▶ TASK TO COMPLETE
Beginning with the line containing "bluza u osnovi" and going on through the line containing "両脚を揃えて立ち、つま先は正", the lines below are to be returned exactly, pictures excluded and nothing added.

▶ RECORDS

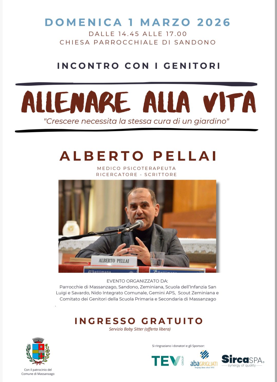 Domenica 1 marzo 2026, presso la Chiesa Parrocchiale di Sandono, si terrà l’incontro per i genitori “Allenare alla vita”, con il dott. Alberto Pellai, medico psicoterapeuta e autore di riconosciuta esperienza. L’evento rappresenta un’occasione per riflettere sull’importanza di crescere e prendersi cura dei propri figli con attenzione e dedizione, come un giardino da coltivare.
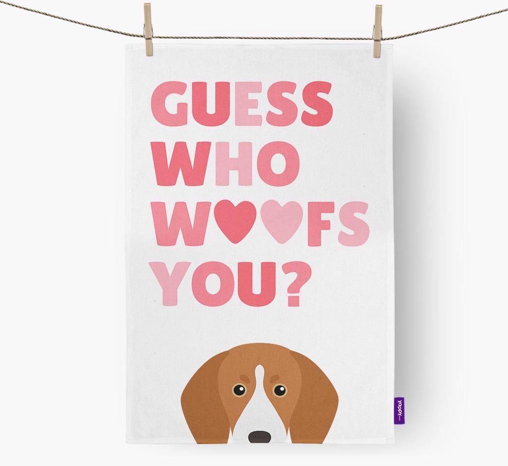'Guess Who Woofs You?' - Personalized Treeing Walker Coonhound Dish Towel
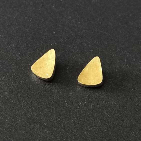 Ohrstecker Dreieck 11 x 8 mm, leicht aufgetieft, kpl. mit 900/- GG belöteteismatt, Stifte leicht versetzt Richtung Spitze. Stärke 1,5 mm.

...

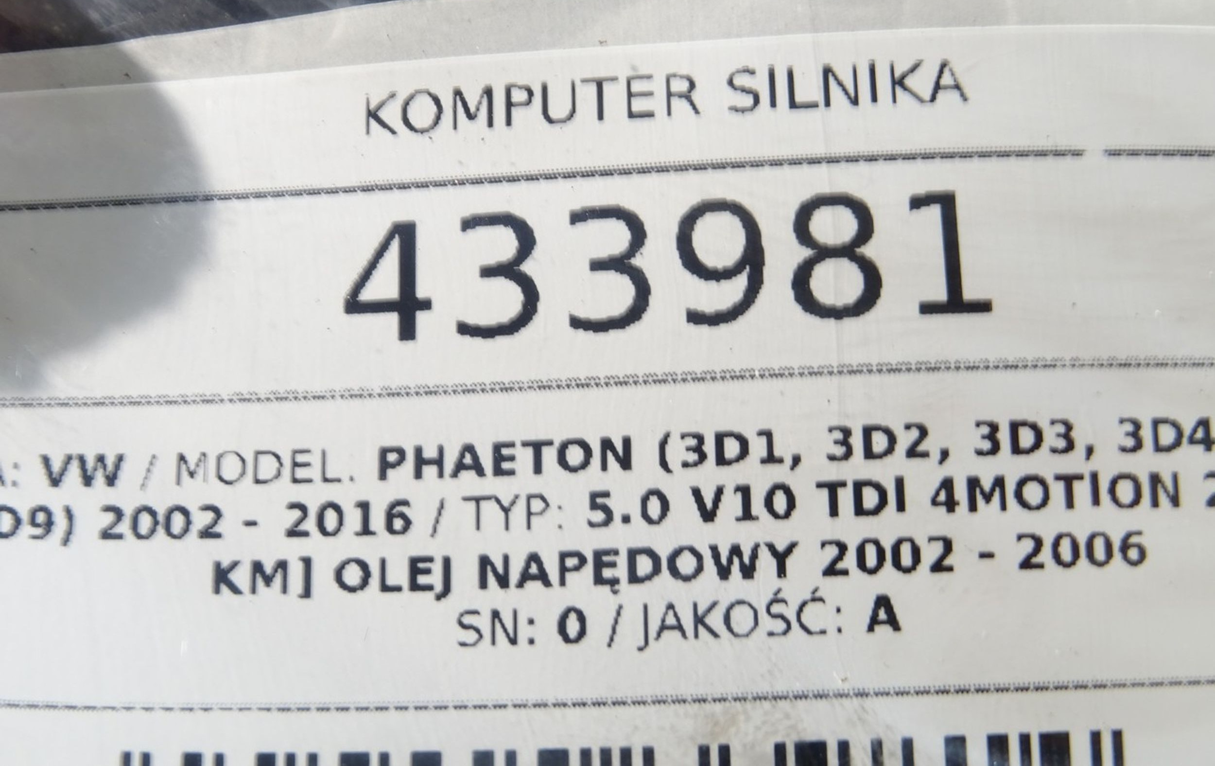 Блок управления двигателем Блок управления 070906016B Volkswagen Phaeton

--

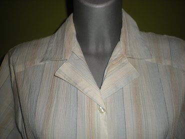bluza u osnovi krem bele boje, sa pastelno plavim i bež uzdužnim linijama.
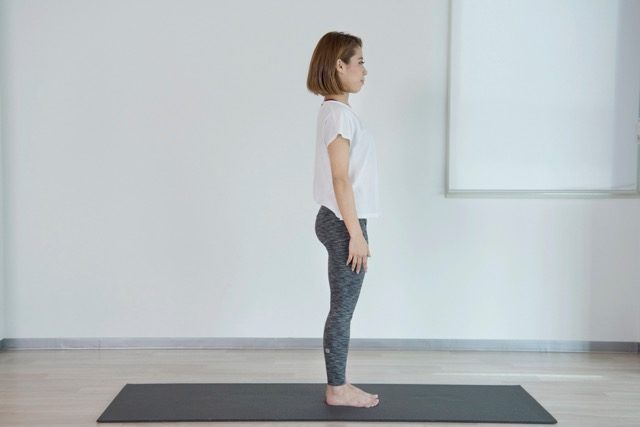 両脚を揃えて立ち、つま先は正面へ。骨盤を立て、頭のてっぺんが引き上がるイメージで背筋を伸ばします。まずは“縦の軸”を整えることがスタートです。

▶ EXERCISE RESPONSE
bluza u osnovi krem bele boje, sa pastelno plavim i bež uzdužnim linijama.
 両脚を揃えて立ち、つま先は正面へ。骨盤を立て、頭のてっぺんが引き上がるイメージで背筋を伸ばします。まずは“縦の軸”を整えることがスタートです。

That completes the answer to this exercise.